Юлька сидит на своем топчане, подперев голову обеими руками и качаясь из стороны в сторону, как старушка.
— Хотела бы!.. — тянет она нараспев. — Ой, хотела бы!.. Ой, как же я хотела бы!.. А только — что делать с ксендзом Недзвецким?
Я иду от Юльки и напряженно думаю: что делать с ксендзом Недзвецким? Ведь его же не утопишь в ведре, как бумажных Монтекки и Капулетти! Впервые в жизни я стою перед вопросом: что делать с плохими людьми, чтобы они не портили жизнь хорошим?

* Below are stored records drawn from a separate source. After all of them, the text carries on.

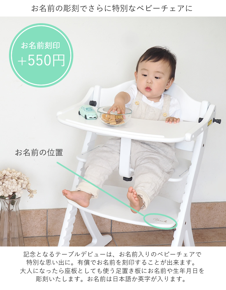 記念となるテーブルデビューは、お名前入りのベビーチェアで
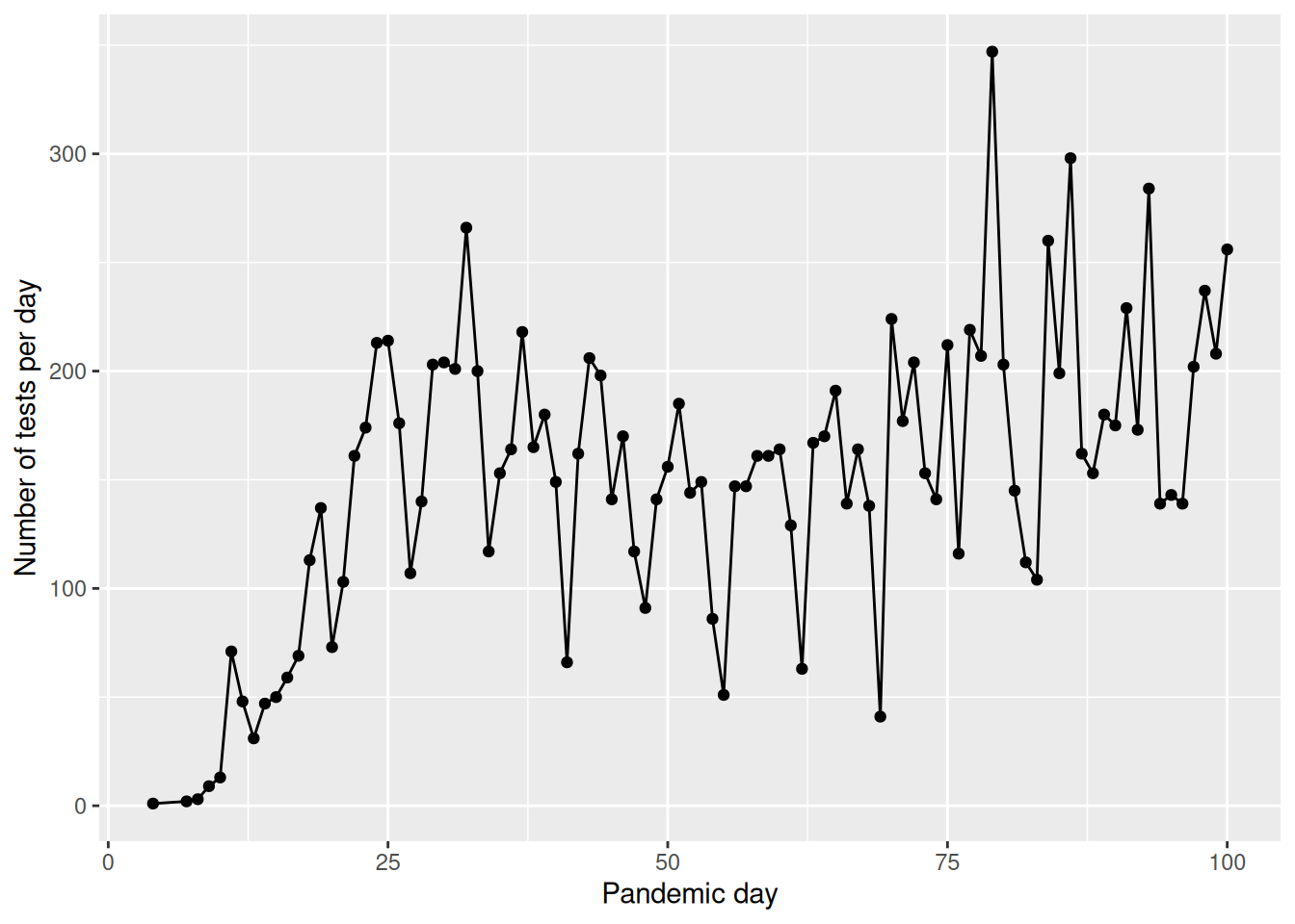 result != "invalid": Removes tests that didn’t work (QC failure).&: A logical “AND.” Both conditions must be true.pan_day <= 100: Only includes data from the first 100 days of the pandemic.
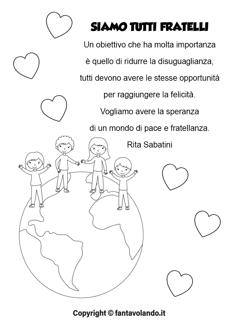 Invitiamo i bambini a riflettere sull’obiettivo 10 dell’Agenda 2030: ridurre le disuguaglianze. Prendendo spunto dalla poesia Siamo tutti fratelli di Rita Sabatini (tutti i diritti riservati) chiediamo:
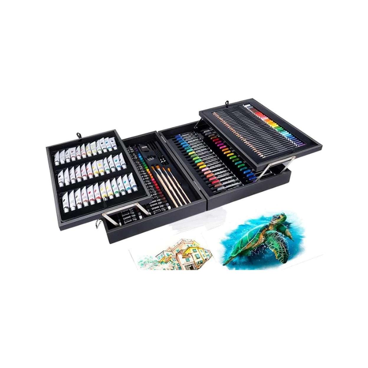 Cet ensemble complet est fabriqué à partir de pigments et de matériaux de construction de haute qualité, garantissant que chaque medium — des tubes de peinture de 12 ml aux crayons HB de précision — répond aux normes professionnelles.La finition met l'accent sur une coque en bois durable, laquée d'un noir élégant, offrant une protection professionnelle aux éléments fragiles qu'elle renferme.Les compartiments intérieurs sont moulés avec précision pour maintenir solidement chacun des 174 accessoires, dont 54 pastels à l'huile et 42 crayons de couleur, garantissant qu'ils restent organisés pendant le transport.Cette fabrication de qualité professionnelle fait de l'ensemble un investissement fiable à long terme pour tout espace de travail créatif.
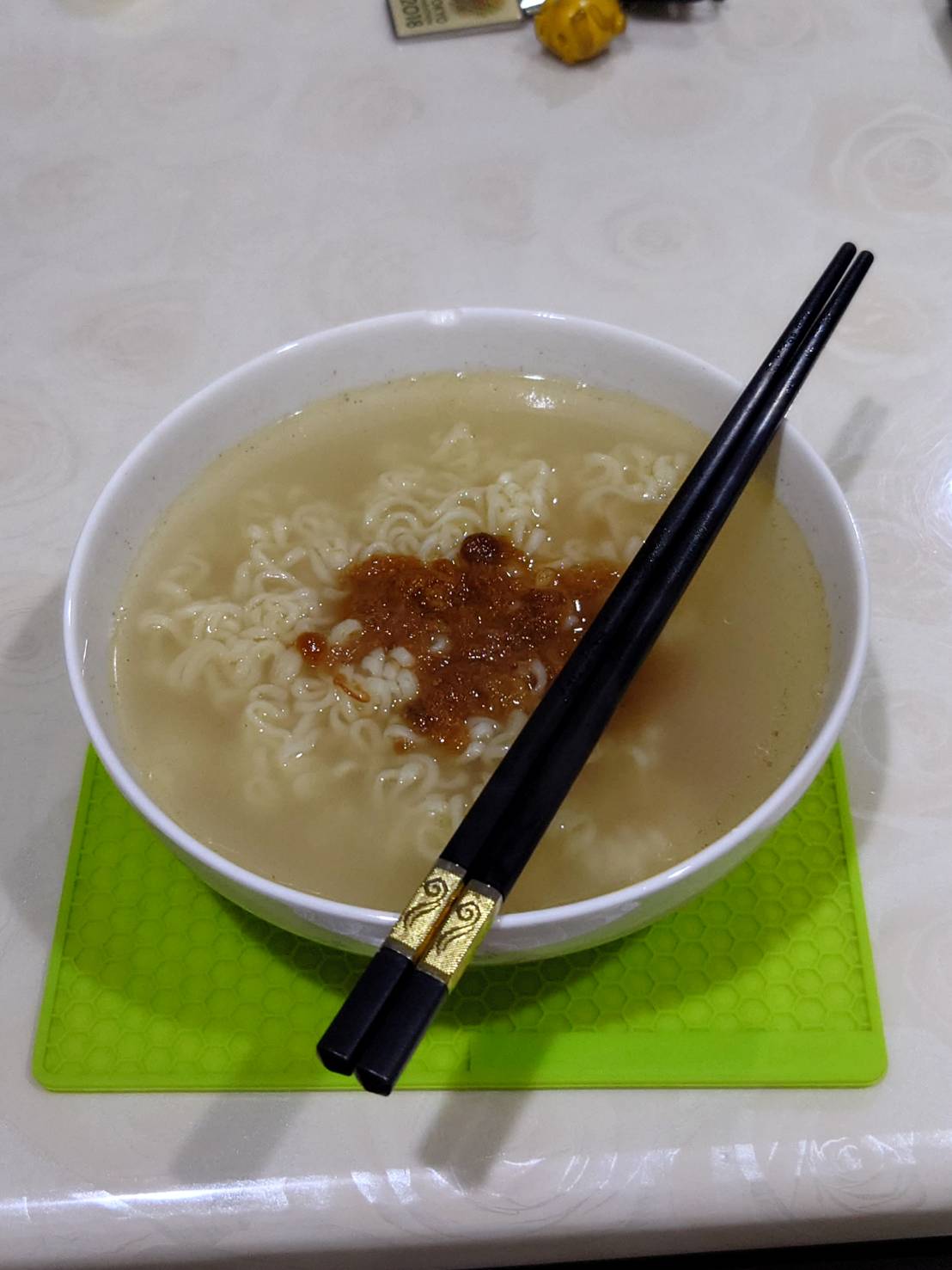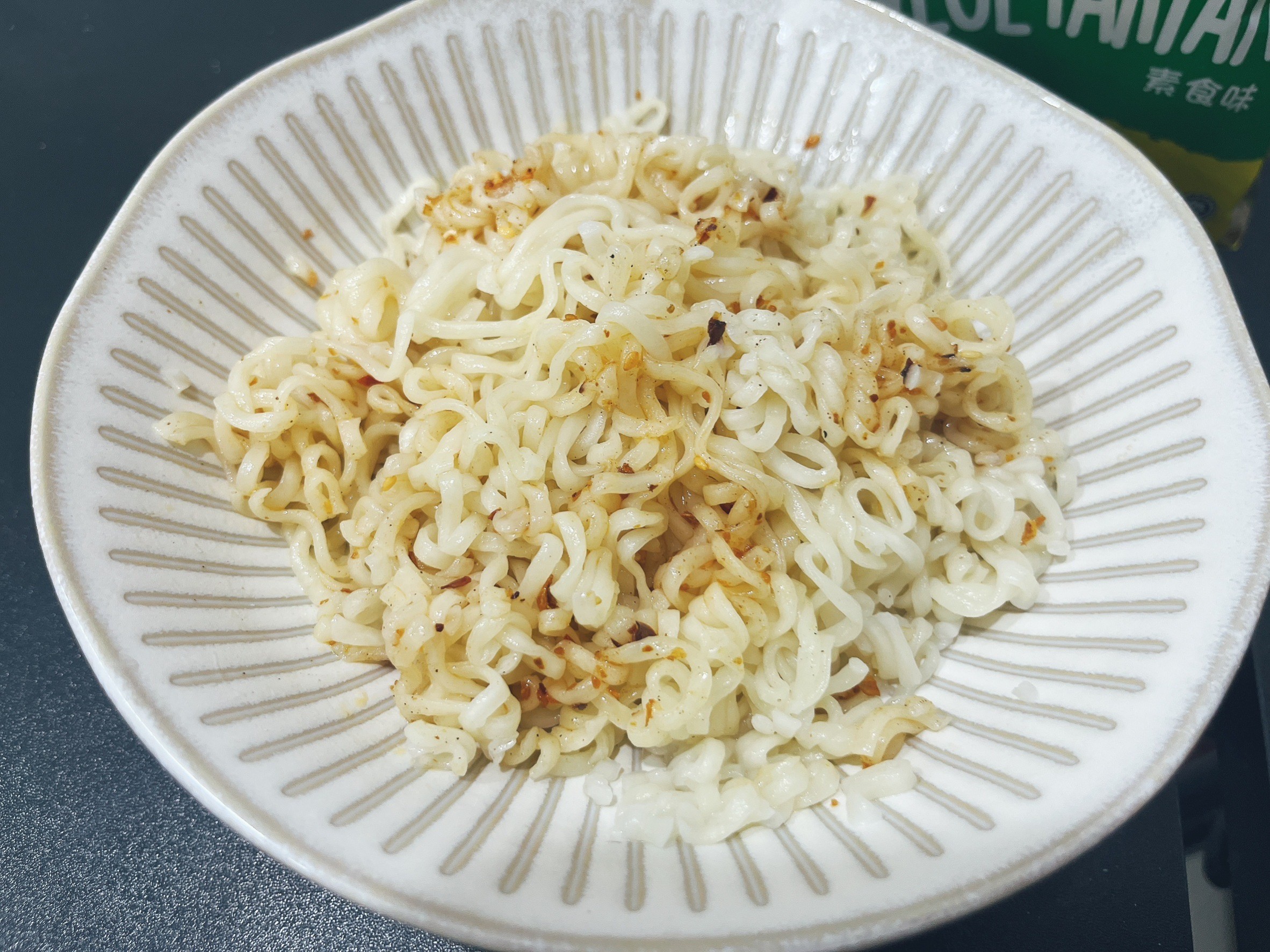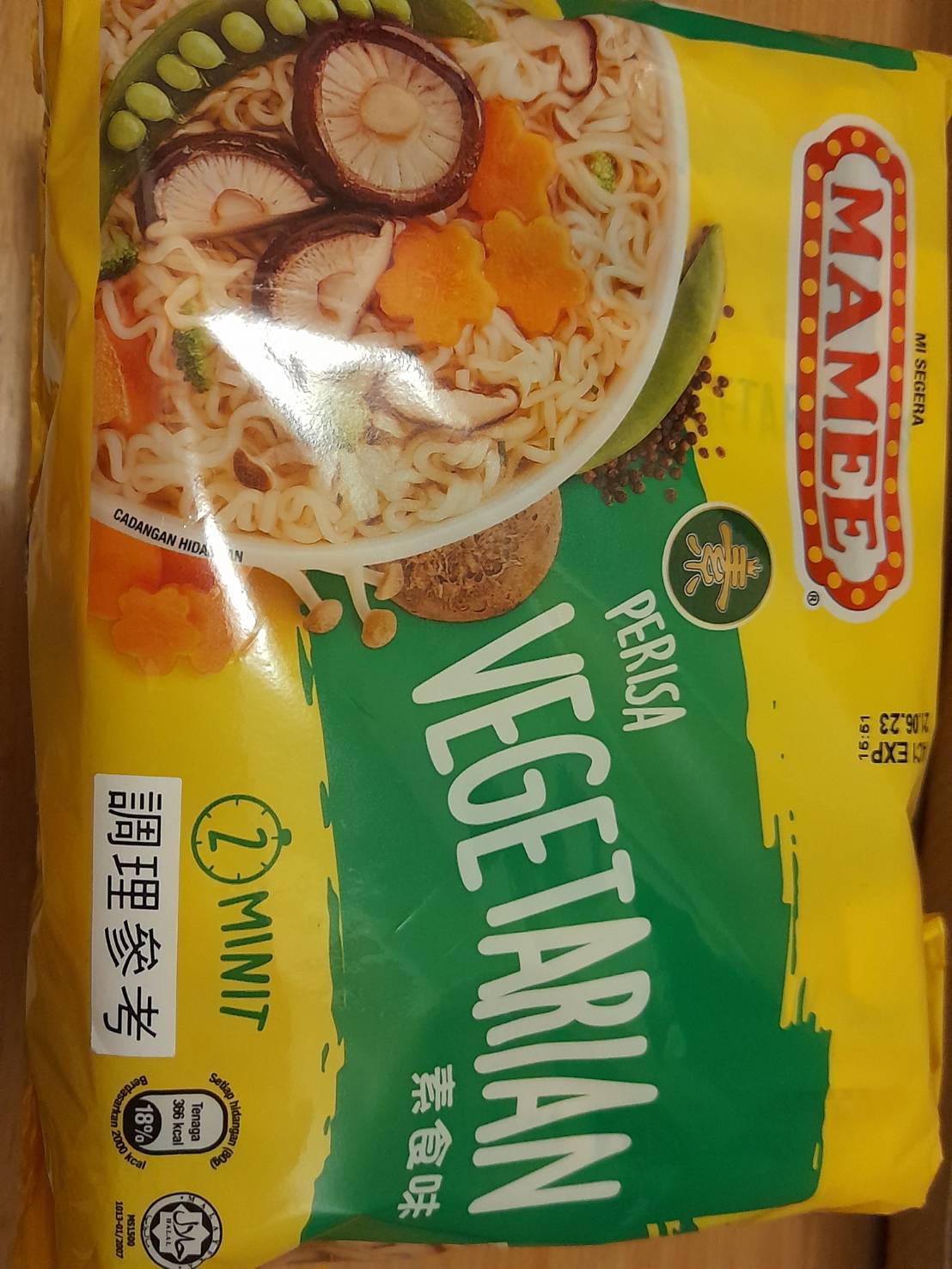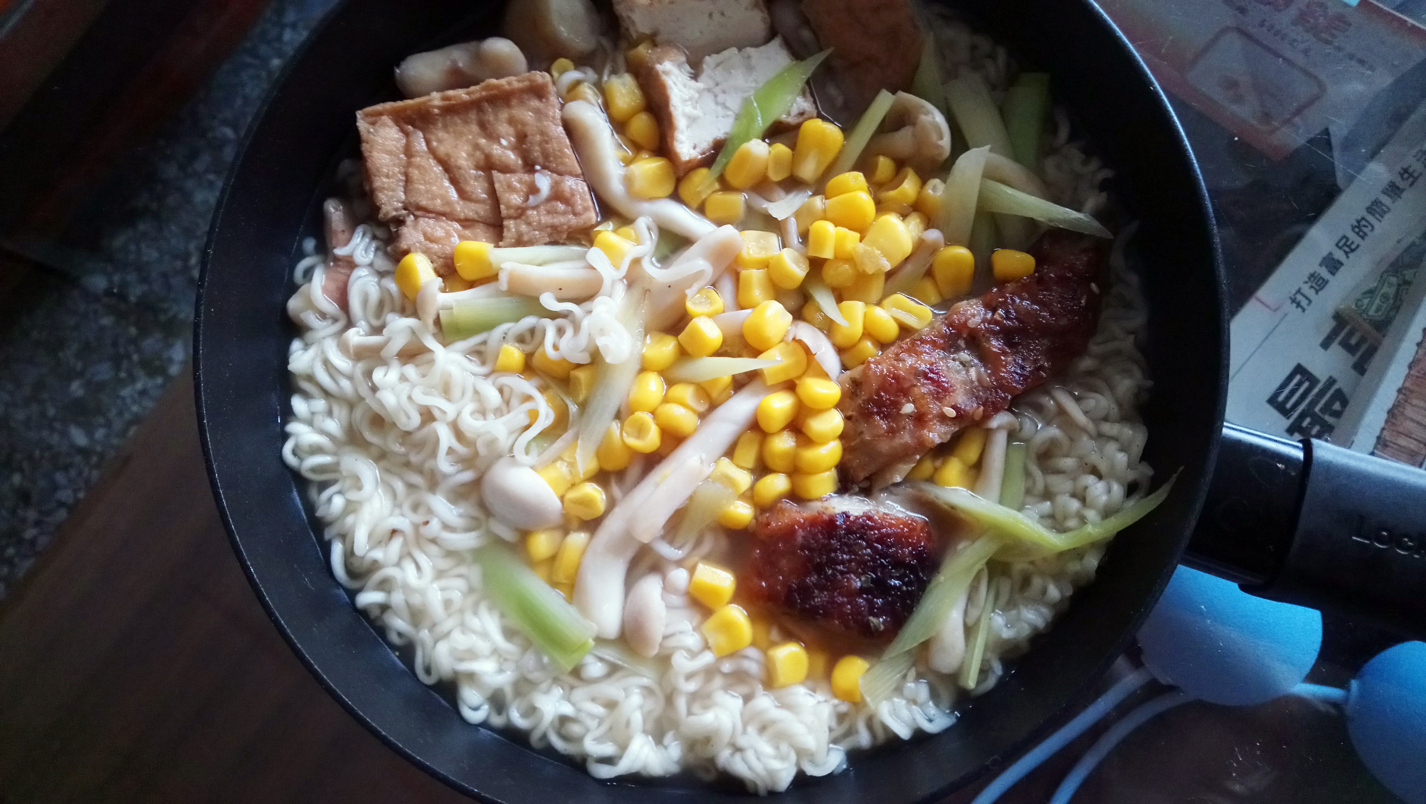 麵體: 小麥粉、棕櫚油﹝含有抗氧化劑(二丁基羥基甲苯)﹞、鹽、複方品質改良劑(多磷酸鈉、碳酸鉀、關華豆膠); 調味粉:鹽、L-麩酸鈉、5’-鳥嘌呤核苷磷酸二鈉、5’-次黃嘌呤核苷磷酸二鈉、糖、白胡椒、黑胡椒;風味油:軟質棕櫚油。

Дома я застаю переполох. Дверь из квартиры на лестницу отперта. Юзефа мчится мимо меня заплаканная и даже не спрашивает, голодная я или нет. Папины пальто и палка брошены в передней в разные стороны, словно они рассорились и не желают друг друга знать. А главное, папина кожаная сумка с инструментами — до них не разрешается дотрагиваться даже маме, папа всегда сам кипятит их! — эта сумка теперь валяется на подзеркальнике, лежа на боку, как дохлая собака… Застежка ее даже неплотно закрыта!
Иду дальше — полная комната народу! Папа лежит на кровати, около него хлопочут Иван Константинович Рогов и Павел Григорьевич. У доктора Рогова две его любимые пуговицы не расстегнуты только потому, что он вовсе снял сюртук; засучив рукава рубашки, он делает что-то с папиной ногой, которую поддерживает Павел Григорьевич. Что такое стряслось у папы с ногой?
Юзефа бестолково мечется, держа в руках таз с водой и не замечая, что вода проливается ей на ноги и на пол. Мама стоит около кровати и держит папину руку. Каждый раз, как папа; охает под руками Ивана Константиновича Рогова, мамины губы болезненно сжимаются, а прекрасные серые глаза закрываются.
— Ну-ка! — поднатуживается Иван Константинович Рогов.
Папа глухо стонет.
— Яков Ефимович! Душа моя! Больно тебе? — чуть не плачет доктор Рогов.
— А вы, Иван Константинович, не вскидывайтесь, как дамочка… — говорит папа, но видно, что ему очень больно. — Давайте делать каждый свое дело. Вы — врач, извольте делать свое дело: вправляйте вывихнутую ногу. Я — больной, и я тоже буду делать свое дело: стонать. И наплевать вам на меня, поняли, Иван Константинович?
Доктор Рогов снова поднатуживается, Павел Григорьевич помогает ему. Раздается не то хруст, не то скрежет, — папа перекашивает нижнюю губу: «Ч-ч-черт!» — и вдруг у всех становятся счастливые лица!
— Молодцы! — радуется папа. — Вправили — лучше не надо… Теперь — шину!
Доктор Рогов и Павел Григорьевич подбинтовывают папину ногу к проволочной шине. Потом кладут ногу на свернутое валиком одеяло, чтобы нога лежала в приподнятом положении.
— Готово! — говорит доктор Рогов, распрямляясь и вытирая вспотевшее лицо. — Фу ты! Всегда говорю: лечить надо чужих, незнакомых, и все. А когда свой, близкий человек стонет, больно ему, так уж это, черт побери мои калоши с сапогами, впору самому взвыть и убежать!..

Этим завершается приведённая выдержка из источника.